Happy Wife, Happy Life
Do you hate the phrase “Happy wife, happy life?” Does it feel manipulative to you? Or does it feel like a wise warning? Regardless of how you feel about it, there’s a great deal of truth in it. What’s more, God seems to support the idea:
“If a man has recently married, he must not be sent to war or have any other duty laid on him. For one year he is to be free to stay at home and bring happiness to the wife he has married.” [Deut 24:5 NIV]
It looks to me like God wanted men to spend the first year of their marriage focused on learning how to make their wife happy.

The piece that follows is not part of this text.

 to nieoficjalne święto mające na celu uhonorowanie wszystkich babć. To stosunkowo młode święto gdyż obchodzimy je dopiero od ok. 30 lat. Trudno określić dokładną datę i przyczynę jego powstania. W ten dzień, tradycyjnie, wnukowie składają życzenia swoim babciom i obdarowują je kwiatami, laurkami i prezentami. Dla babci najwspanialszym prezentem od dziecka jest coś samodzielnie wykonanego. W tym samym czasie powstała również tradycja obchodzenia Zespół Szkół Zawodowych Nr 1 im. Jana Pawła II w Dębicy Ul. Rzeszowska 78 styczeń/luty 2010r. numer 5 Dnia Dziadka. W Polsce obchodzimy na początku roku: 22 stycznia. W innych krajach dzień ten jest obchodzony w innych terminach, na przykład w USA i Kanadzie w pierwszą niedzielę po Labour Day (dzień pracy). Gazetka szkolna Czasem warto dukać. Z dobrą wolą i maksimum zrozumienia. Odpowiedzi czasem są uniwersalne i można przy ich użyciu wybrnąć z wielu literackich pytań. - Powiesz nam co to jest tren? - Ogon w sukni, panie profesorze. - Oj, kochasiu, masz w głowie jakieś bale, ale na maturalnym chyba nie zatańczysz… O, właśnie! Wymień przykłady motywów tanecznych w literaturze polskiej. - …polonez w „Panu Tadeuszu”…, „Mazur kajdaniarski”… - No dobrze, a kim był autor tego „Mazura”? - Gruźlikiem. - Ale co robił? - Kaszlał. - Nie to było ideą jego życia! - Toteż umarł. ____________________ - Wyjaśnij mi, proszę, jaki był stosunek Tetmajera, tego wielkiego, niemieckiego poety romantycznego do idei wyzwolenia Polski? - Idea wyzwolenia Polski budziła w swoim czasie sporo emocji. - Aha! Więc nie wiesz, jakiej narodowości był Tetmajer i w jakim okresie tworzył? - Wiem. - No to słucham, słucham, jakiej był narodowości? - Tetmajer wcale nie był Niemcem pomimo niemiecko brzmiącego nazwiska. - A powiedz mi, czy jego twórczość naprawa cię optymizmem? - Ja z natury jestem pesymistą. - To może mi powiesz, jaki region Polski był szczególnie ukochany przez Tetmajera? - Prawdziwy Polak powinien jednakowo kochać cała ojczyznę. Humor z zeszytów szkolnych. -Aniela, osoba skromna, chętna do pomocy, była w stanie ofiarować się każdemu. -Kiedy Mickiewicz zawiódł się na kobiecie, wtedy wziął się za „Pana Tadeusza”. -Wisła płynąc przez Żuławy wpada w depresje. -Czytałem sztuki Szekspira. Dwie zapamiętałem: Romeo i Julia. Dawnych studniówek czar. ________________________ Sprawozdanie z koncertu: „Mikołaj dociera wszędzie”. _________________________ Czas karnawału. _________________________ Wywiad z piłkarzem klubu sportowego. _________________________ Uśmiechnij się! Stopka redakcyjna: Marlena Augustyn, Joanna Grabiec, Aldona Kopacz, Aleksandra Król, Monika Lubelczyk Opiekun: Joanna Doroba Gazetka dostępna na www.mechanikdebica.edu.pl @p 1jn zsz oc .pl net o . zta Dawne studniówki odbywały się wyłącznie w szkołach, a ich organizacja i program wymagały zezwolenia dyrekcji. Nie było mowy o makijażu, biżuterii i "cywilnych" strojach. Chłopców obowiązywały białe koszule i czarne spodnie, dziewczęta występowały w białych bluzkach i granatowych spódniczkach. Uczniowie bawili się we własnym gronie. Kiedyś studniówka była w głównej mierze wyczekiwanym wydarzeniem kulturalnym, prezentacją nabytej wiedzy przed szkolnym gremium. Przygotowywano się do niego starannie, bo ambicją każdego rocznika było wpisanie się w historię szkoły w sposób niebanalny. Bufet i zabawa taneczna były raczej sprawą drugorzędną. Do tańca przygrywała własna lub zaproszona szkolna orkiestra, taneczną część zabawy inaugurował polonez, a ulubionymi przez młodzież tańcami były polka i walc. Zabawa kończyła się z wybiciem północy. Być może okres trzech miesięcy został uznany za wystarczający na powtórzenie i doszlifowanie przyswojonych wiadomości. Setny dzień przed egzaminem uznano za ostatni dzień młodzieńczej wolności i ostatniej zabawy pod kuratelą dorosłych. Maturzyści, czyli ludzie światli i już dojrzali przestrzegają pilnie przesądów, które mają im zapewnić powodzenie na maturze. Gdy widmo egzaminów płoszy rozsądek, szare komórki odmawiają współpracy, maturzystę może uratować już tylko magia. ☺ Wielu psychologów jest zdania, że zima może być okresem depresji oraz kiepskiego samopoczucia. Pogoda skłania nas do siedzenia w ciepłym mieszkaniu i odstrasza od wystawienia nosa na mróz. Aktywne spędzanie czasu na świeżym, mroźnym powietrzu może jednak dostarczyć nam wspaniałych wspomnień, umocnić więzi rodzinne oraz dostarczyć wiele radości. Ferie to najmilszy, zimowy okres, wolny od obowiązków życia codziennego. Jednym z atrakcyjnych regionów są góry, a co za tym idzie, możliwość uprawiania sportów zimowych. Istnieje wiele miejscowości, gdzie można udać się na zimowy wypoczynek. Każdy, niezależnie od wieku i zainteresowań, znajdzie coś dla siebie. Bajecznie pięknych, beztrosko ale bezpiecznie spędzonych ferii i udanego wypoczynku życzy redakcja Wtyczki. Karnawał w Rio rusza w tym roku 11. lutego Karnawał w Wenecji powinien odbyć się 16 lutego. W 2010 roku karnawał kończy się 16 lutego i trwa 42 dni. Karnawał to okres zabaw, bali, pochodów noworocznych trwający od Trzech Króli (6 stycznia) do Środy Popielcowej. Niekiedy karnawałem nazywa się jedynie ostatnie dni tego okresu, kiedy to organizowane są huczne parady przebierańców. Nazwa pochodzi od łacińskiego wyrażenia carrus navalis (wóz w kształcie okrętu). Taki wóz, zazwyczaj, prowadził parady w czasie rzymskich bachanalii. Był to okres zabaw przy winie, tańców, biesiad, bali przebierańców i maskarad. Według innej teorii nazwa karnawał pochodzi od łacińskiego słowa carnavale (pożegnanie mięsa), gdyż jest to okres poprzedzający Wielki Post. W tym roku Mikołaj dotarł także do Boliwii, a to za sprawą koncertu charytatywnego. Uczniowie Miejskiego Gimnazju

Granted, you can’t make her happy if she chooses to be miserable, but you can do a great deal to move your wife towards happiness.

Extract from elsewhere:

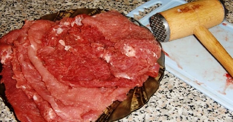 Хорошенько отбей мясо. Взбей яйца с помощью вилки или венчика, хорошо посоли и поперчи яичную смесь.
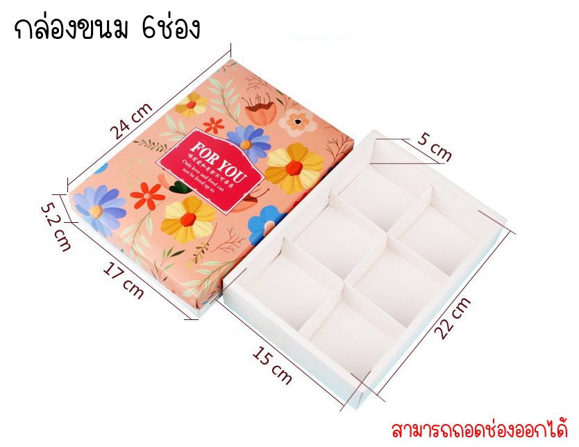 กล่องขนม 6ช่อง พิมพ์ลาย แพ็ค 10 ใบ

What does it take for your wife to be happy?
This is important to all humans, but women desire it more than men do, and mothers even more than women without children. She needs to feel safe, and she needs to feel prepared for the future. There are many components to this, which I will be discussing in the future. For now know this: if she doesn’t feel secure it’s impossible for her to feel happy.
She wants to be loved and appreciated. We all need to be needed. We desire to be important and necessary. We want to feel our life has purpose; that what we do matters to someone. The best place to get this need met is our spouse, If that doesn’t happen we’ll look to have it fulfilled by others. Most affairs, especially for women, are about this need, not sex.

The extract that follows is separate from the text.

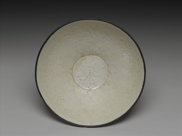 六瓣葵花口碗,敞口,深弧壁,圓底,矮圈足。口鑲銅稜釦。器內以印花為飾,滿印牡丹、菊等數種圖案式纏枝花卉,花形飽滿多姿,枝蔓長葉卷繞如雲湧,充滿裝飾趣味。口邊印回紋一周。原附黃簽,墨書:「二等無款定窯銅鑲口拱花鐃碗一件」。
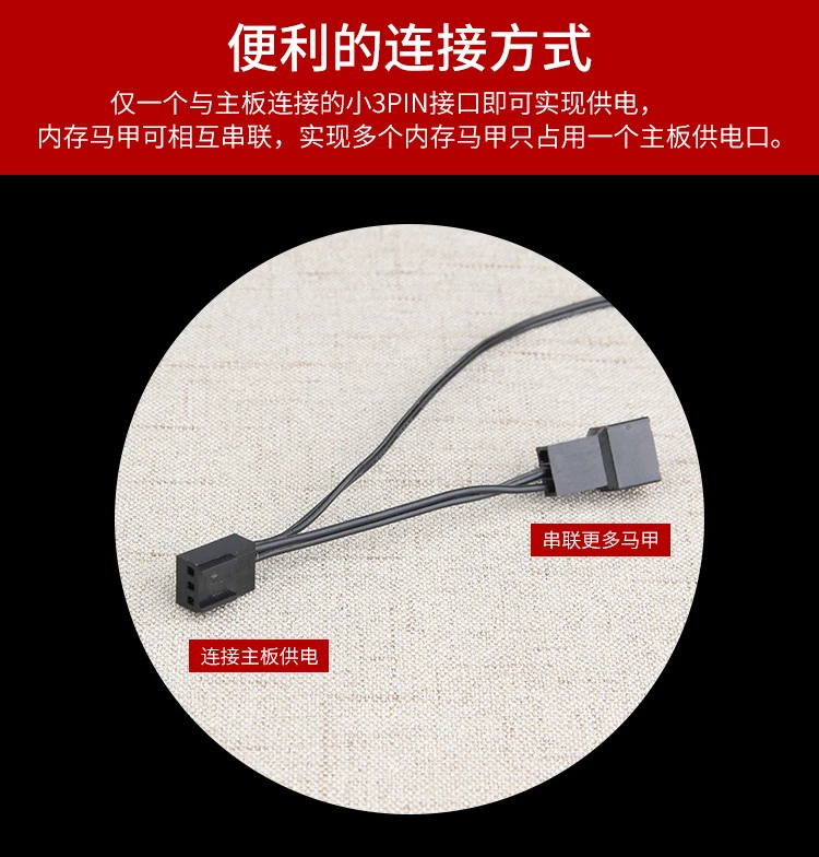 NC-1是一款可以装配在普通电脑内存上实现七彩光效的内存马甲,可以让用户以更低费用实现内存发光尤其是不用淘汰现有的不发光内存条。马甲顶部可实现流光256色自动变化功能,双侧板采用铝镁合金材质,阳极拉丝工艺制作;内部配备双导热硅脂片,可辅助内存散热;可支持高/矮内存条和单/双层芯片内存;配备标准小3PIN供电接口,接口可串联实现多个内存马甲共用一个供电接口。

The tricky thing about love and appreciation is we all feel it in different ways. If you don’t show your love in a way that matters to her she will feel unloved even though you do in fact love her. If you show her you appreciate her in a way that means nothing to her, she will feel unappreciated. If she’s not feeling what you intended, you need to find ways to fix that. In large part, this means learning to communicate it in ways she feels. You can also work to help her see the things you’re doing as proof of your love and acceptance.
Become a Student of your Wife
The most important thing you can do to improve your marriage is to become a student of your wife. Watch her. Pay attention to what she does and says. Learn to listen to what’s behind her words; dig for the feelings and try to understand what motivates her. The better you understand her, the better things will go for both of you.
- If you discover certain words or phrases upset her, you can avoid those.
- If you learn when she is most likely to be stressed, you can help her relax at those times.
- If you can see when she’s getting flooded, you can come to her rescue.
- As you learn to tell when she is more open to sex you’ll not just have more sex, sex will be better for her.